With PROC QTL, users can perform QTL mapping for both continuous traits and categorical traits in line crosses, including F2, BC (backcross), RIL (recombinant inbred lines), DH (doubled haploid), and FW (four way crosses). For continuously distributed traits, there are six methods that users can choose from. These methods include maximum likelihood [13], least squares [14], iteratively reweighted least square [15, 16], Fisher scoring method [17], Bayesian method [18, 19], and an empirical Bayesian method [20]. For categorical traits, the generalized linear model (GLM) is used as the basic framework of data analysis. Due to the problem of missing genotypes in QTL mapping, the GLM is implemented in several different ways, including the expectation substitution method, the heterogeneous residual variance method, and the mixture distribution method (the EM algorithm). PROC QTL can also handle epistatic effects (allelic interactions between loci) under the empirical Bayesian method.

4. Implementation

PROC QTL is a SAS procedure and thus can be called within the SAS environment. It takes SAS datasets as input data and output results as SAS datasets. Therefore, data preparation and manipulation of PROC QTL are conducted using SAS data steps or other built-in SAS procedures.

The following gives the SAS code to call PROC QTL for mapping a disease resistance trait using the data provided by Zou et al. [21]. The resistance of rice to sheath blight disease was measured in grades ranging from 1 to 6 for 119 rice plants sampled from an F2 population. There are 12 molecular markers, distributed along two chromosomes covering 268 cM in length. By using data manipulating modules of SAS software such as DATA STEP or DATA WIZARD, users can easily import/export their data from/to Microsoft excel, text file, Lotus spreadsheet, and various other commonly used file formats. The dataset prepared for this example is shown in Figure 1.

We can perform QTL mapping using the EM implemented maximum likelihood method.

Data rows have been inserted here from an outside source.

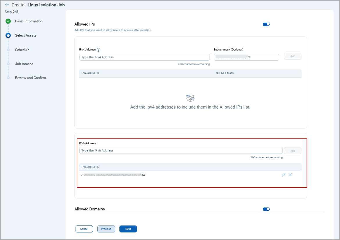You can now add IPv6 addresses to the Isolation Exceptions list when creating the Isolation job for Linux assets. This enhancement allows isolated Linux assets to communicate with IPv6 machines.
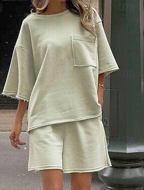 Mujer Tracksuit Sudadera tipo jersey Pantalones cortos deportivos Bolsillo Color sólido Trajes de Yoga Verano Primavera Blanco Verde Gimnasio Entrenamiento Corriendo Alta cintura Resistente al Viento
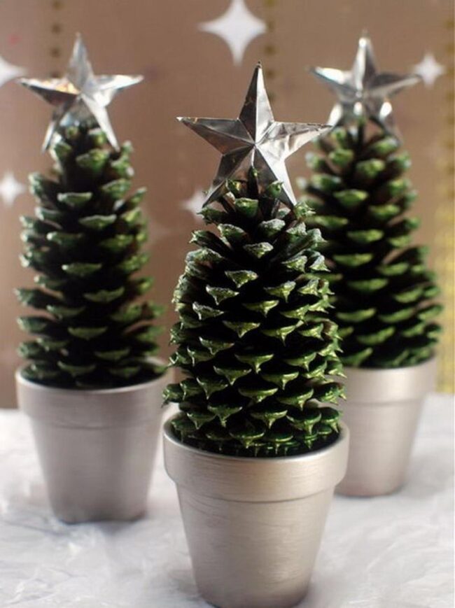 Pine cone trees sparkle with festive magic, turning ordinary spaces into winter wonderlands.
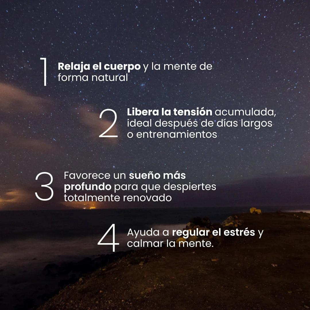 Ideal para personas con tension, estres, mala calidad de sueno o alta exigencia fisica y mental.
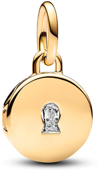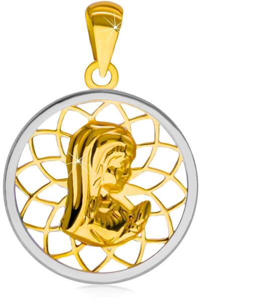 A ródiummal kezelt felületű 585 arany medált egy fényes kör körvonala alkotja, amelynek belsejét virágmotívum díszíti. A közepében az imádkozó Szűz Mária képe található. A láncra kerülő szem keskeny és felfelé szélesedik. A kör átmérője: 16 mmA láncra kerülő szem szélessége: 2,5 mmA medál súlya: 0,80 gFémjelzéssel ellátva. Medál lánc nélkül. A ródiumma
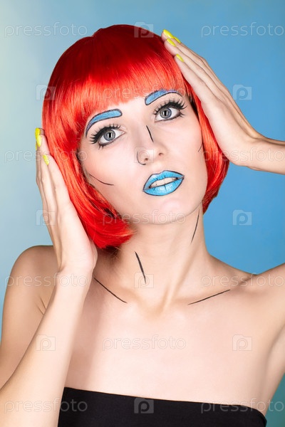 Женщина в рыжем парике и в стиле комического поп-арта на синем фоне
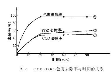 3COD、TOC、色度去除率與時間的關系(見圖2)
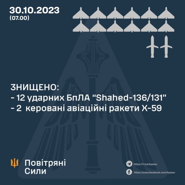 В ночь на 30 октября 2023 года российские оккупанты атаковали территорию Украины 12 ударными БпЛА типа "Shahed" и 2 управляемыми авиационными ракетами Х-59.
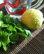 Сначала помоем петрушку и оторвем листики, так как ножки нам не нужны, кладем их в блендер. Выжимаем сок одного лимона и отправляем к петрушке.
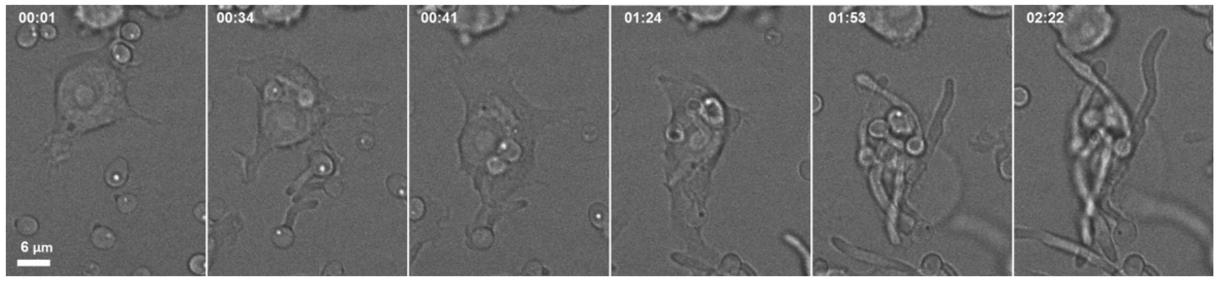 - Mukaremera, L.; Lee, K.K.; Mora-Montes, H.M.; Gow, N.A.R. Candida albicans Yeast, Pseudohyphal, and Hyphal Morphogenesis Differentially Affects Immune Recognition. Front. Immunol. 2017, 8, 629. [Google Scholar] [CrossRef]
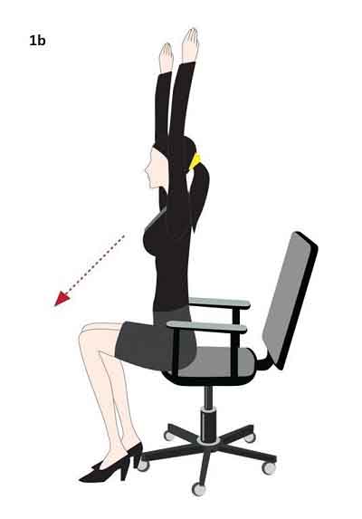 Chỉ cần 1 chiếc ghế, bạn đã có thể tập được. Tranh thủ thời gian nghỉ ngơi ở công sở thực hành ngay bài tập cho lưng và bụng này nhé! Giữ lưng thẳng, ngồi sát vào ghế, đưa tay lên cao rồi từ từ gập người về phía trước, tay hạ theo ôm hai chân, kéo căng lưng và ngửa cằm lên sao cho bụng chạm đùi. Trở về tư thế ban đầu và lặp lại ít nhất 5 lần (Hình: 1a, 1b, 1c).

The code is demonstrated as follows:

proc qtl data= ricedata map= ricemap out=result method=“ML”; class resistenc; model resistenc = ; matingtype “F2”; genotype A=“1” B=“3” H=“2”; estimate “a”=1 0 -1; run:

The result produced by RPOC QTL will be saved in the SAS dataset specified in the “out=” option. User can conveniently export or plot the result using other standard SAS procedure, for example, PROC GPLOT. The following SAS code shows how to generate LRT profile using the result dataset produced by PROC QTL:

symbol1 interpol=join value=none; proc gplot data=result; plot position; by chr; run;

Four more examples are automatically made available once PROC QTL is installed. The SAS code and datasets for the additional examples will be automatically copied to users’ computers

5. Future Development

PROC QTL is a platform on which more options can be added. The current version of PROC QTL can only be run in Windows. The Unix version is under development and will be released soon.

Acknowledgments

This research was supported by the National Science Foundation Grants DBI-0345205 and the USDA National Research Initiative Competitive Grants (USDA CSREES 2007-35300-18285) to S. Xu.